When you copy the data, keep every line exactly as written and skip the pictures.

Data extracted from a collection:
============
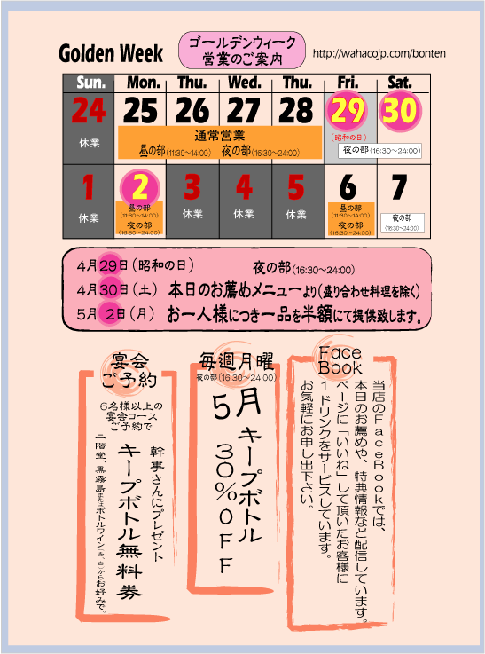 (5月2日の月曜日は昼の部・夜の部共に通常営業になります。)
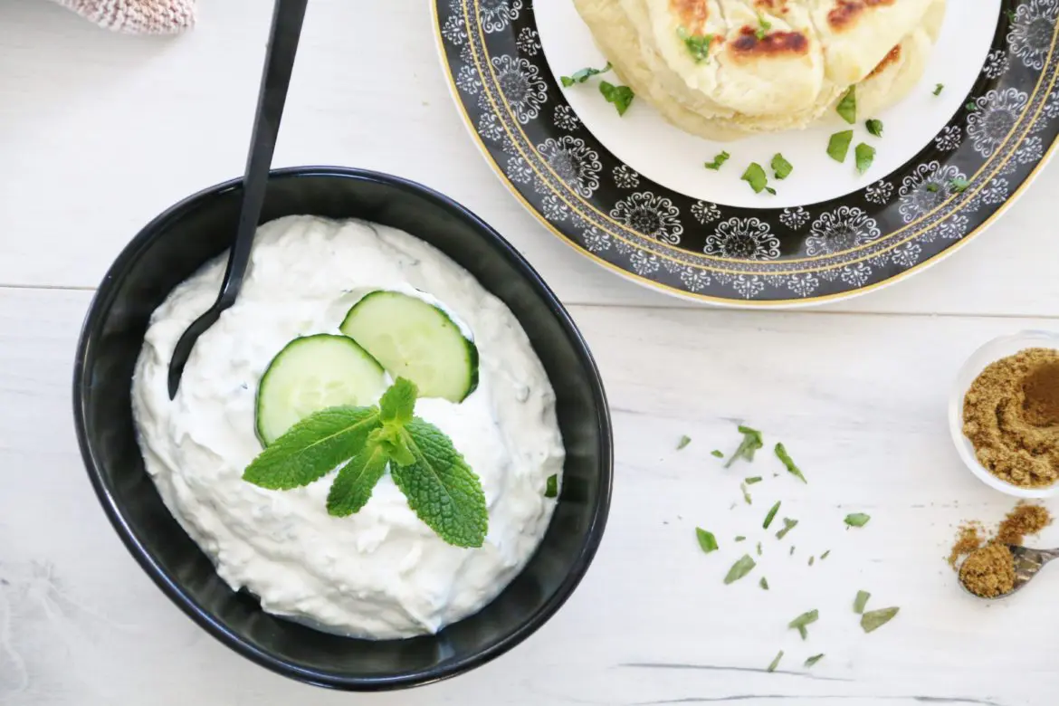 - Hrærið út jógúrtina og setjið í hana allt úr uppskriftinni nema gúrku og myntu
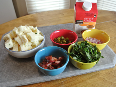 Chop the onion, jalapeno, tomato and spinach. Cube the cheese into small chunks.
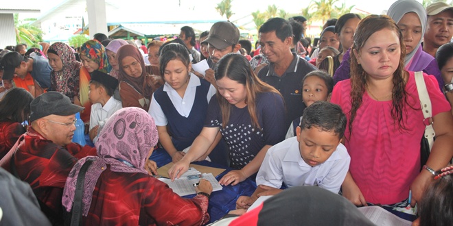 (本报诗巫17日讯)有逾2000名学生今日在诗巫市政第三小学,获得政府资助的书包与文具。
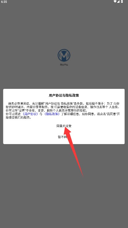 1、初次使用需阅读平台服务条款与隐私政策,确认后点击同意并接受按钮进入。
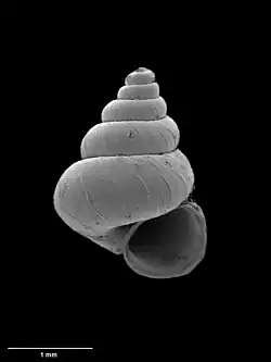 The shells grows up to 1.75–2.90 millimetres (0.069–0.114 in) in height, and have a larger height than width. The shell is coloured reddish brown.[1]
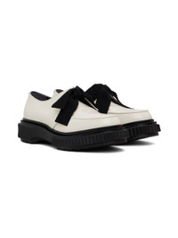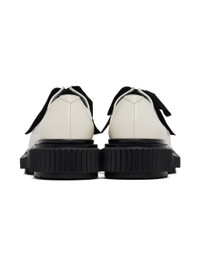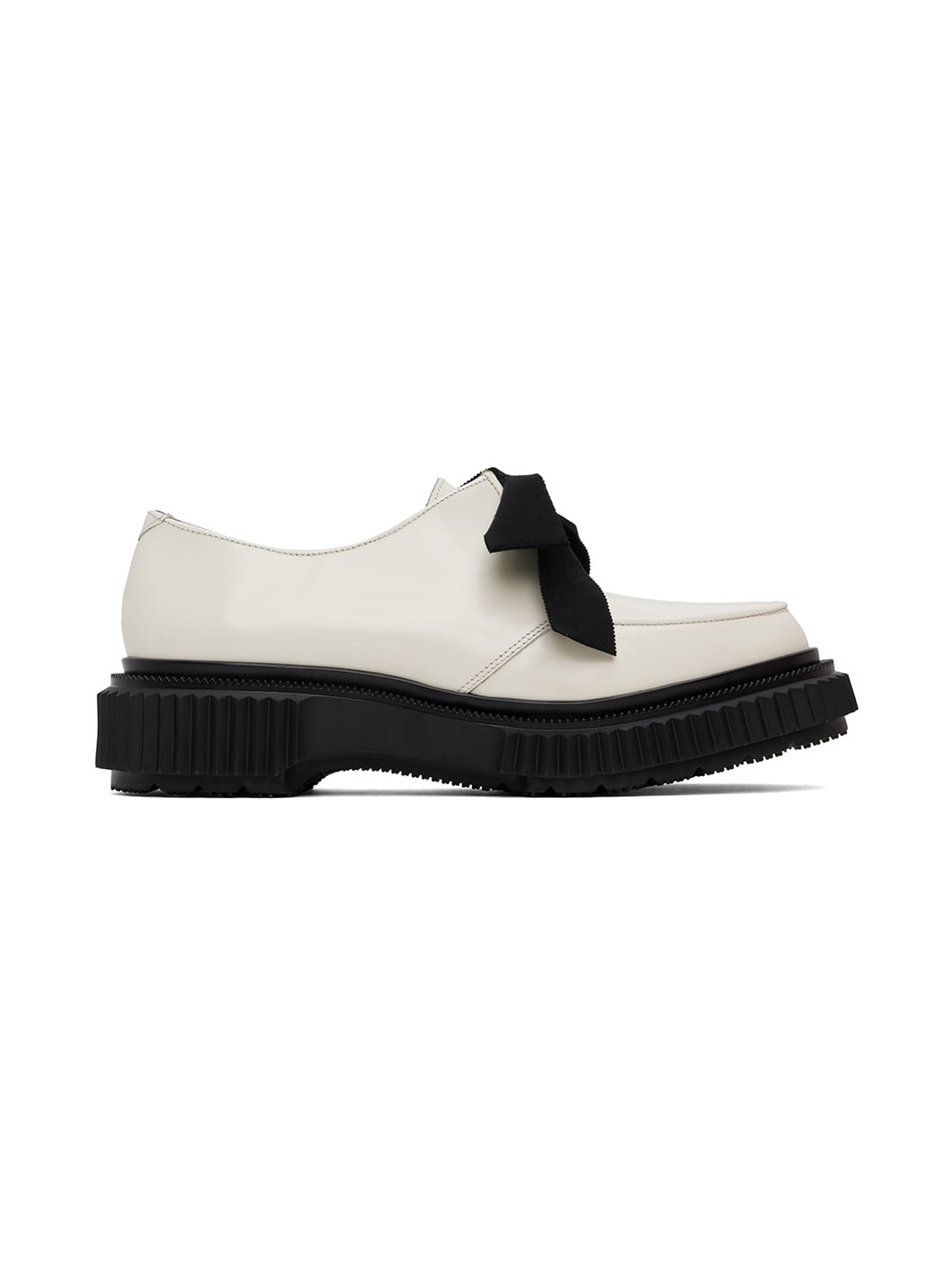 Polished leather derbys in off-white. · Moc toe · Bow accent at lace-up closure · Logo stamp at padded footbed · Buffed leather and suede lining · Serrated edge at welt and midsole · Treaded rubber sole Supplier color: Ivory
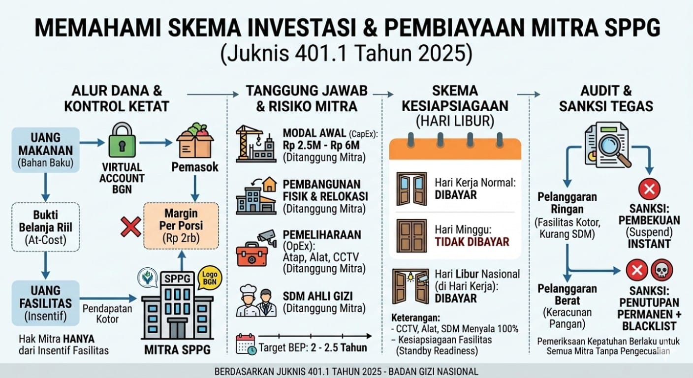 Risiko paling fatal bagi mitra adalah pemutusan kontrak dan pembekuan operasional. Kontrak kerja sama hanya berlaku satu tahun dan perpanjangannya murni ditentukan oleh BGN melalui audit kepatuhan kerja.
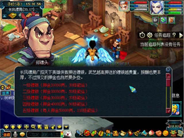 3、战斗中逃跑、死亡会丢失镖银导致任务失败,需找郑镖头取消任务,押金不返还
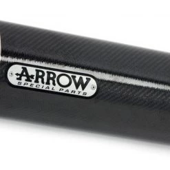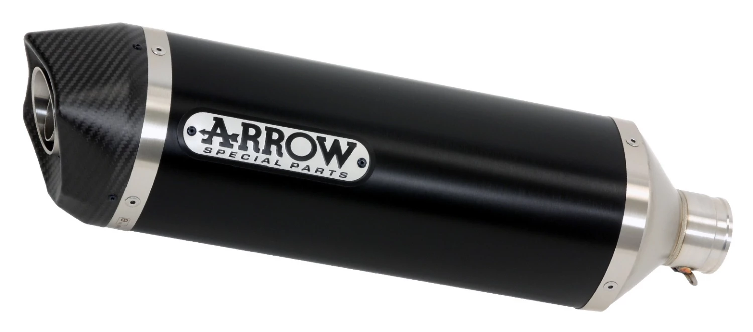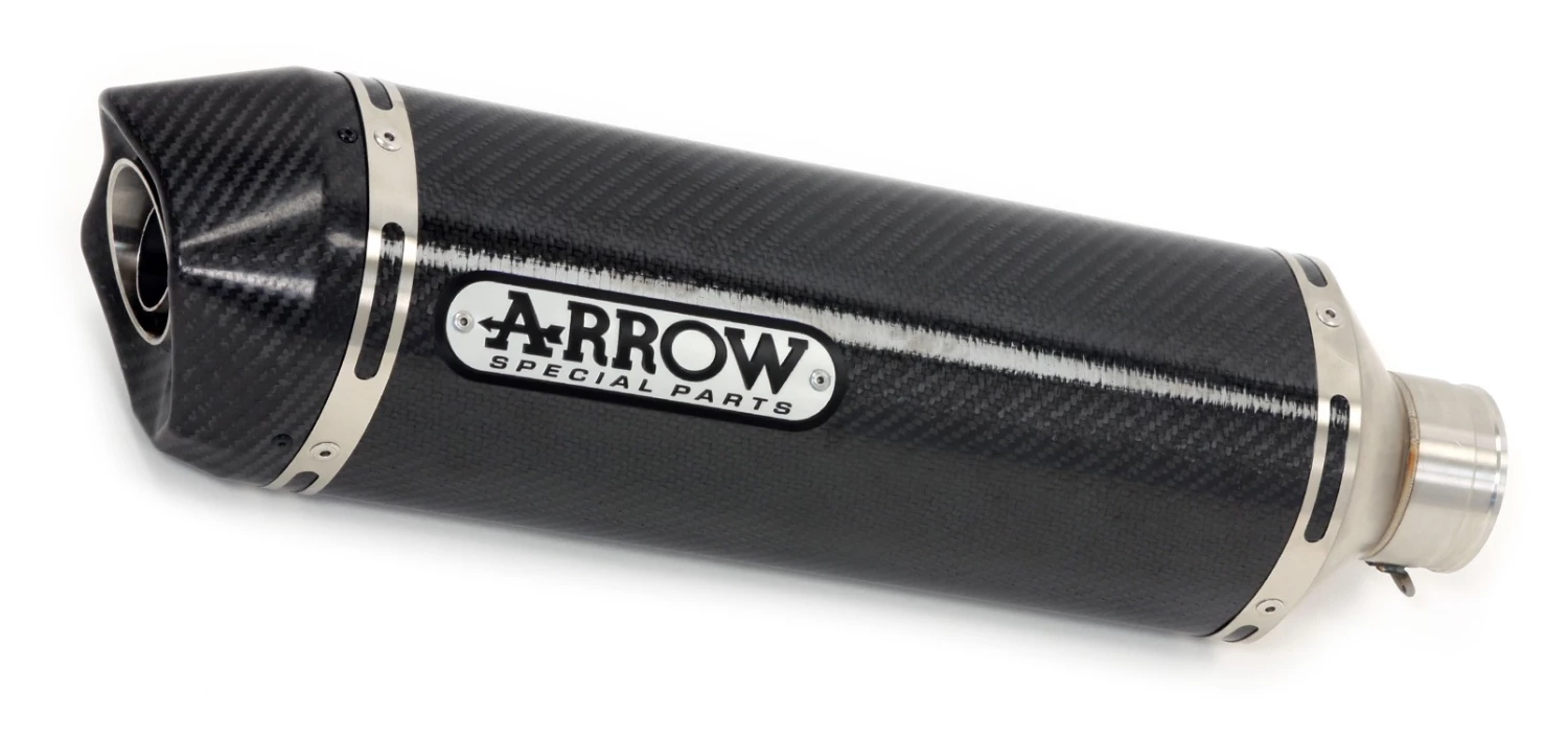 The Arrow Race-Tech exhaust features a unique, diamond shape muffler that is unlike anything else on the market. This innovative diamond shape design allows the Arrow Race Tech exhaust to have reduced dimensions compared to traditionally shaped exhausts. The exhaust also features a significant weight reduction without having to compromise internal volume which would reduce the exhaust note. The internals of the exhaust are made of stainless steel and assembly is completed by TIG welding on special jigs. The rear end caps and gas outlet are designed to optimize gas flow and minimize back pressure.Â
============
## ANSWER TO THE PROBLEM
 (5月2日の月曜日は昼の部・夜の部共に通常営業になります。)
 - Hrærið út jógúrtina og setjið í hana allt úr uppskriftinni nema gúrku og myntu
 Chop the onion, jalapeno, tomato and spinach. Cube the cheese into small chunks.
 (本报诗巫17日讯)有逾2000名学生今日在诗巫市政第三小学,获得政府资助的书包与文具。
 1、初次使用需阅读平台服务条款与隐私政策,确认后点击同意并接受按钮进入。
 The shells grows up to 1.75–2.90 millimetres (0.069–0.114 in) in height, and have a larger height than width. The shell is coloured reddish brown.[1]
 Polished leather derbys in off-white. · Moc toe · Bow accent at lace-up closure · Logo stamp at padded footbed · Buffed leather and suede lining · Serrated edge at welt and midsole · Treaded rubber sole Supplier color: Ivory
 Risiko paling fatal bagi mitra adalah pemutusan kontrak dan pembekuan operasional. Kontrak kerja sama hanya berlaku satu tahun dan perpanjangannya murni ditentukan oleh BGN melalui audit kepatuhan kerja.
 3、战斗中逃跑、死亡会丢失镖银导致任务失败,需找郑镖头取消任务,押金不返还
 The Arrow Race-Tech exhaust features a unique, diamond shape muffler that is unlike anything else on the market. This innovative diamond shape design allows the Arrow Race Tech exhaust to have reduced dimensions compared to traditionally shaped exhausts. The exhaust also features a significant weight reduction without having to compromise internal volume which would reduce the exhaust note. The internals of the exhaust are made of stainless steel and assembly is completed by TIG welding on special jigs. The rear end caps and gas outlet are designed to optimize gas flow and minimize back pressure.Â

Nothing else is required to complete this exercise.